## [Information supplied]

● ● ●

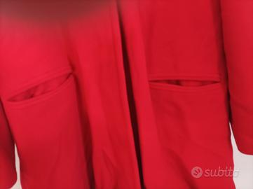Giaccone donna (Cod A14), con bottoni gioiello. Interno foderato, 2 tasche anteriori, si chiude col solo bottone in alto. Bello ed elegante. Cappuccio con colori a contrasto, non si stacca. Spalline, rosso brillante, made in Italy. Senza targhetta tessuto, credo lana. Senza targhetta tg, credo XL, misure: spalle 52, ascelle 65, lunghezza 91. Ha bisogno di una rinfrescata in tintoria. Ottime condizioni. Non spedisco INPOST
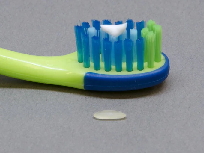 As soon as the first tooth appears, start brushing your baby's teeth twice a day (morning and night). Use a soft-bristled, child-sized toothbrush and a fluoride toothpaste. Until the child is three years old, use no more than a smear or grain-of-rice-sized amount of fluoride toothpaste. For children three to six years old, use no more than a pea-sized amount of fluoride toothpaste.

● ● ●

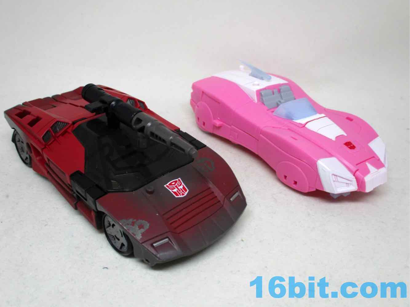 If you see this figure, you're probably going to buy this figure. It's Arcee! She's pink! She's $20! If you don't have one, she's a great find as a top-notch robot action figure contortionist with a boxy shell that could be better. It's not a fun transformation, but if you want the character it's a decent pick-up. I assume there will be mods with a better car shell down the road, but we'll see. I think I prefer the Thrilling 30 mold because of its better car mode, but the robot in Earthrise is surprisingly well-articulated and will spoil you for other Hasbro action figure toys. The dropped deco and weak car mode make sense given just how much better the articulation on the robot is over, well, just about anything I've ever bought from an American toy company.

● ● ●

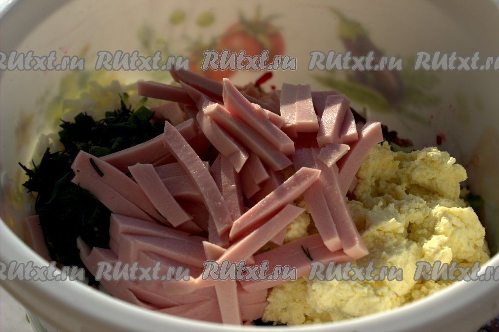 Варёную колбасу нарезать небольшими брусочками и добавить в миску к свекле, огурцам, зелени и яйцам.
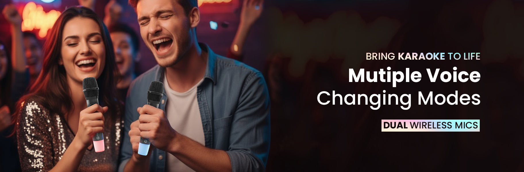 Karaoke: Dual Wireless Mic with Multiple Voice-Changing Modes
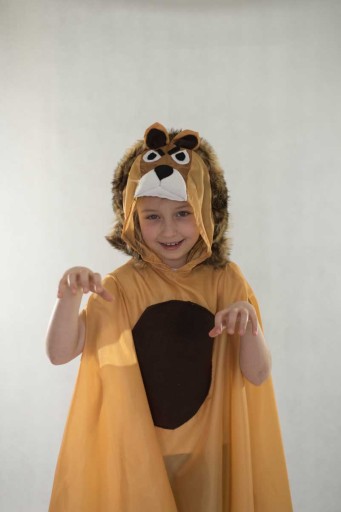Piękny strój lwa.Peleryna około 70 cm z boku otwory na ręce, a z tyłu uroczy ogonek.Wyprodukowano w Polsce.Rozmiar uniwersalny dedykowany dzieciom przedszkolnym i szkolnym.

● ● ●

## [Task details]
From the line holding "Giaccone donna (Cod" to the line holding "As soon as the", both included, retype the entries above exactly and drop the pictures.

## [Reply]
Giaccone donna (Cod A14), con bottoni gioiello. Interno foderato, 2 tasche anteriori, si chiude col solo bottone in alto. Bello ed elegante. Cappuccio con colori a contrasto, non si stacca. Spalline, rosso brillante, made in Italy. Senza targhetta tessuto, credo lana. Senza targhetta tg, credo XL, misure: spalle 52, ascelle 65, lunghezza 91. Ha bisogno di una rinfrescata in tintoria. Ottime condizioni. Non spedisco INPOST
 As soon as the first tooth appears, start brushing your baby's teeth twice a day (morning and night). Use a soft-bristled, child-sized toothbrush and a fluoride toothpaste. Until the child is three years old, use no more than a smear or grain-of-rice-sized amount of fluoride toothpaste. For children three to six years old, use no more than a pea-sized amount of fluoride toothpaste.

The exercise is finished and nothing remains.